Câmara dos Deputados aprova redução de alíquota sobre SAFs
Líderes partidários chegaram a acordo para deixar cobrança em 5%; a cobrança sobre a receita pela venda de atletas foi mantida

Após negociações entre parlamentares e pressão de clubes, a Câmara dos Deputados recuou e aprovou uma redução na alíquota cobrada às Sociedades Anônimas do Futebol, as chamadas SAF’s.
O destaque aprovado na noite desta terça-feira (16) deixa a alíquota em 5%, ante os 8,5% cobrados atualmente.
Um destaque apresentado pelo PL (Partido Liberal) tentava retomar proposta do inserida pelo Senado de cobrança de 5%. A sugestão foi protocolada após o relator Mauro Benevides Filho (PDT-CE) retirar a previsão, mantendo a redação já sancionada da Lei Complementar nº 214, de 8,5%.
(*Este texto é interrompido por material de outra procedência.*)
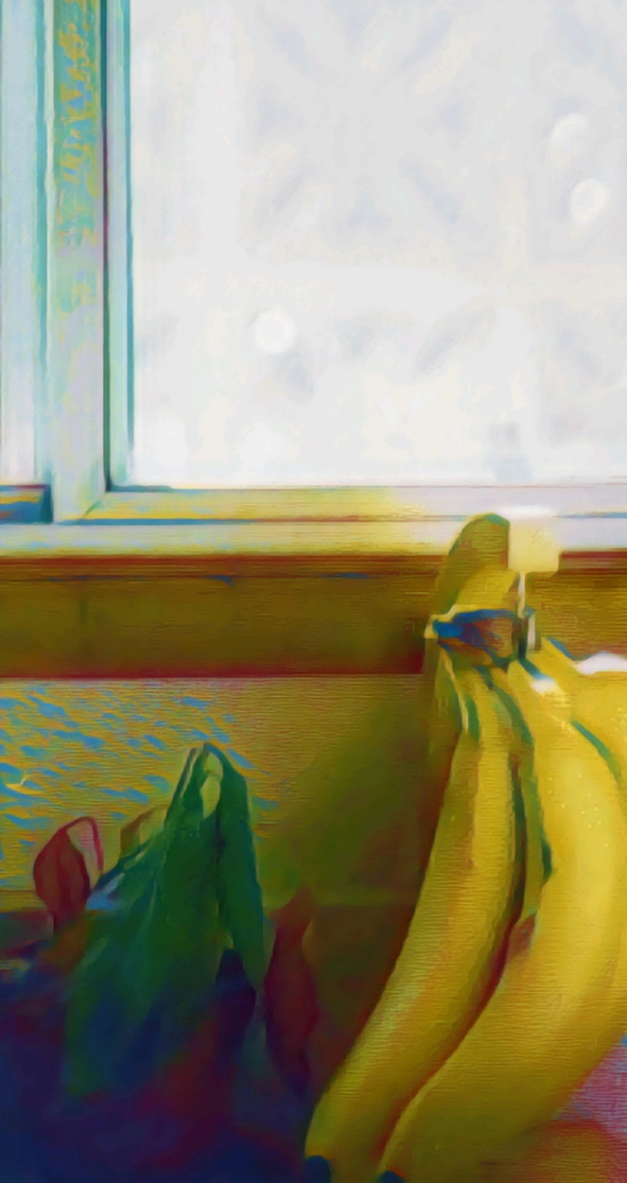 부엌 작은 창에 바나나를 두었다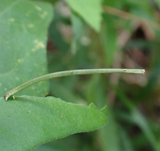 1年に2回、 春と夏に現われるシャクガの仲間。 春型と夏型では模様や色が違っており、 春型の方が一回り大きく、 前後2色に分かれています。 夏型は、 はね全体が赤っぽく小さめです。 市街地の公園などで普通に見られます。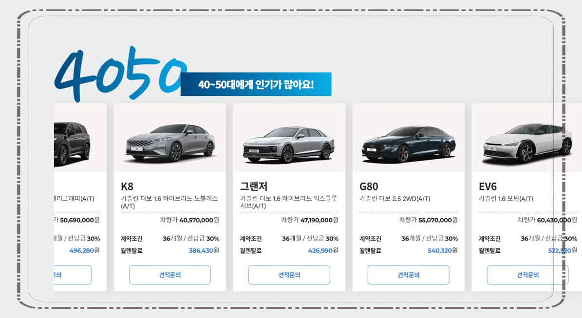 4050세대들이 좋아하는 카니발, 그랜저 등도 준비되어 있답니다.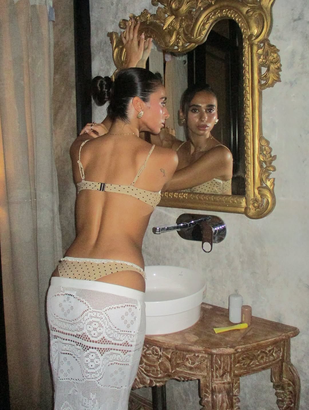 The top is a white, sleeveless, cropped style made from a delicate, open-weave lace fabric. It features a straight neckline and a slightly ruffled hem.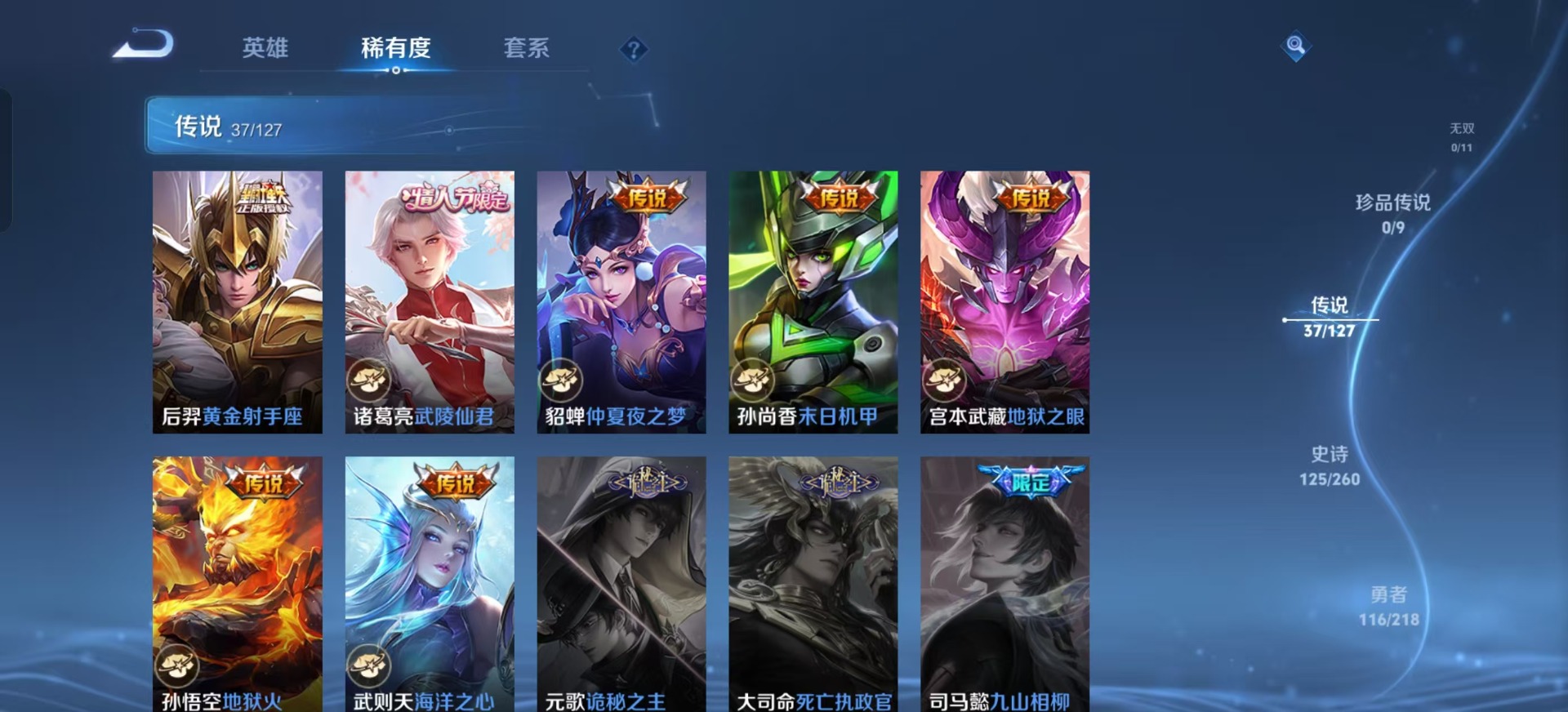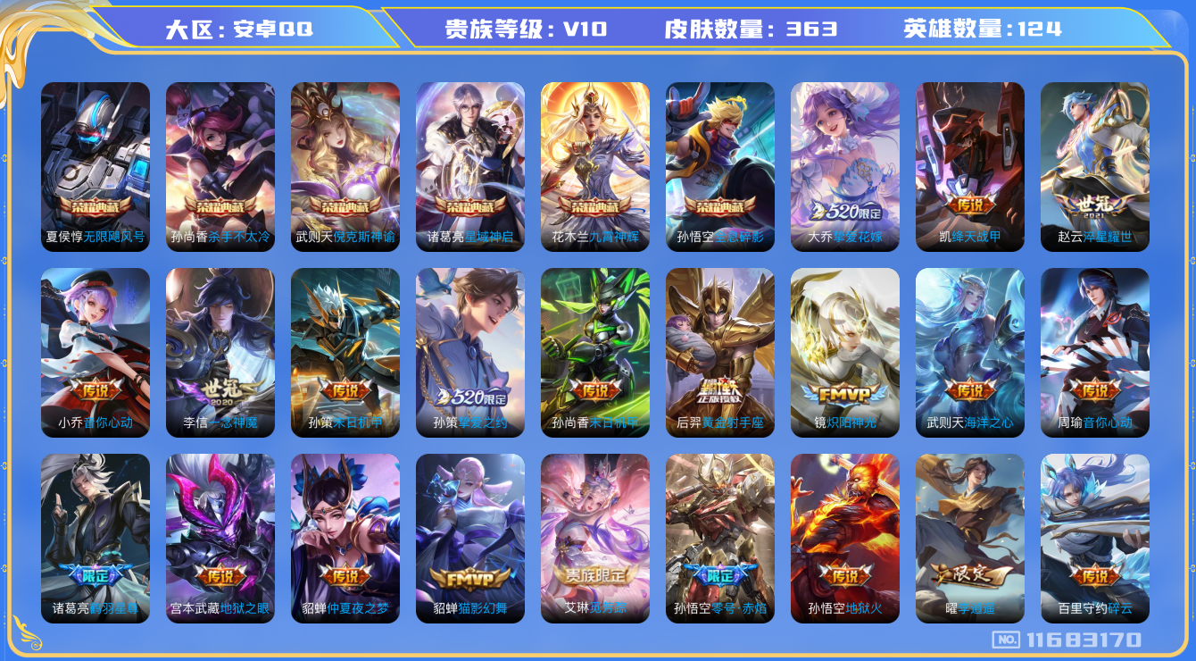 - [12296663]V10 6典藏 1无双 2珍品传说 28传说 126英雄 363皮肤 典藏英雄武则天 可修改实名 优质装备:天鹅之梦(小乔典藏),无限飓风号(高达),杀手不太冷,大秦宣太后,全息碎影(猴子典藏),神鉴启示录,韩信群星魔术团(韩信无双),朽木白哉,黑崎一护,黄金狮子座,黄金射手座,绛天战甲(鸡嘴战神),黄金白羊座,久胜战神,炽阳神光,云霓雀翎,末日机甲-孙尚香(绿蚂蚱),地狱火,仲夏夜之梦(大飞蛾),零号·赤焰,海洋之心,地狱之眼,胖达荣荣,时之恋人-刘备(电焊工),超时空战士-狄仁杰,艾琳觅芳踪 传说皮:云诺千山,幻光神枪 珍宝阁皮:优雅恋人,女武神 限定皮:愿照·山河定(司空震年限),鸣野蒿,白虎志(电光耗子),凤求凰(白切鸡),太华(伽罗年限),时之彼端,魔法小厨娘,神威(电光马子),飞衡(韩信年限),玄嵩(庄周年限),五谷丰年,幽恒(沐浴露),武圣,梁祝,天狼狩猎者,龙胆,烈魂,岱宗(典韦年限),虎魄,天狼征服者,李小龙,永曜之星,如梦令-嫦娥,如梦令-后羿,孙行者,天魔缭乱,神奇女侠 史诗皮:鸭鸭历险记-刘禅,化蝶舞,灵蛊蚀心,龙之律动,雪豹·霜爪,布丁狗之誓,石田雨龙,百相守梦-黄忠,织梦人,遇见神鹿,紫霞仙子,苍穹之光,电玩小子(小书包),白龙吟,黄金分割率,特工魅影,千年之狐,魅语,无限星赏官,冰冠公主,青蛇,偶像歌手,晚萤,暗夜猫娘,龙骑士(小龙虾),末日机甲-吕布,猫狗日记-孙策,猫狗日记-大乔,乱世虎臣,节奏热浪,修罗,女仆咖啡,摇滚巨星,水果甜心,绅士熊喵,天才门将,星夜王子,心灵骇客,功夫厨神,德古拉伯爵,暗隐猎兽者,幽灵船长,鬼剑武藏,心灵战警,舞动绿茵,地狱岩魂,诗语江南,纤云弄巧,繁星吟游(呼啦呼啦),缤纷独角兽,乘风破浪,逐浪之夏,月团寄思,水晶猎龙者,曙光守护者,箭羽风息,金属风暴,原初追逐者,圣诞狂欢,圣诞恋歌,鹰眼统帅,暗夜贵公子,魅力维加斯,黎明之约,未来纪元-赵云

Em reunião do relator com lideranças da Câmara nesta terça-feira (16), foi firmado acordo para retomar a proposta do Senado neste trecho, como pleiteava o PL. O acordo ainda incluiu uma equiparação da cobrança sobre as SAFs a dos clubes associativos.
Venda de jogadores
A Câmara, também com base no acordo, rejeitou destaque do PL sobre a importação de direitos desportivos de atletas. O texto aprovado coloca na base de cálculo da cobrança a receita pela venda do jogador.
A proposta aprovada pelo Senado previa que a receita decorrente da cessão dos direitos desportivos dos atletas e da transferência do atleta para outra entidade desportiva não seria incluída na base de cálculo do pagamento mensal.
Benevides reverteu a mudança na Câmara, mas o PL tentava emplacar destaque para garantir que a transação não entrasse na base de cálculo. Acordo entre líderes que viabilizou a alíquota para SAFs e clubes a 5%, no entanto, previu a rejeição desse destaque. No plenário, o acordo foi referendado com placar de 334 a 15.
As alterações ocorrem no âmbito da tramitação de projeto de lei complementar da segunda etapa da regulamentação da reforma tributária. A matéria que teve o texto-base aprovado nesta segunda-feira e os destaques ficaram para o dia seguinte.
A proposta conclui a reforma tributária ao detalhar as regras de funcionamento dos novos tributos: o IBS (Imposto sobre Bens e Serviços) e a CBS (Contribuição sobre Bens e Serviços).
O texto institui de forma definitiva o Comitê Gestor do IBS, responsável por administrar o imposto compartilhado entre União, estados e municípios. O colegiado passa a ter estrutura própria, caráter público especial, governança permanente, mandatos definidos e alternância entre representantes estaduais e municipais.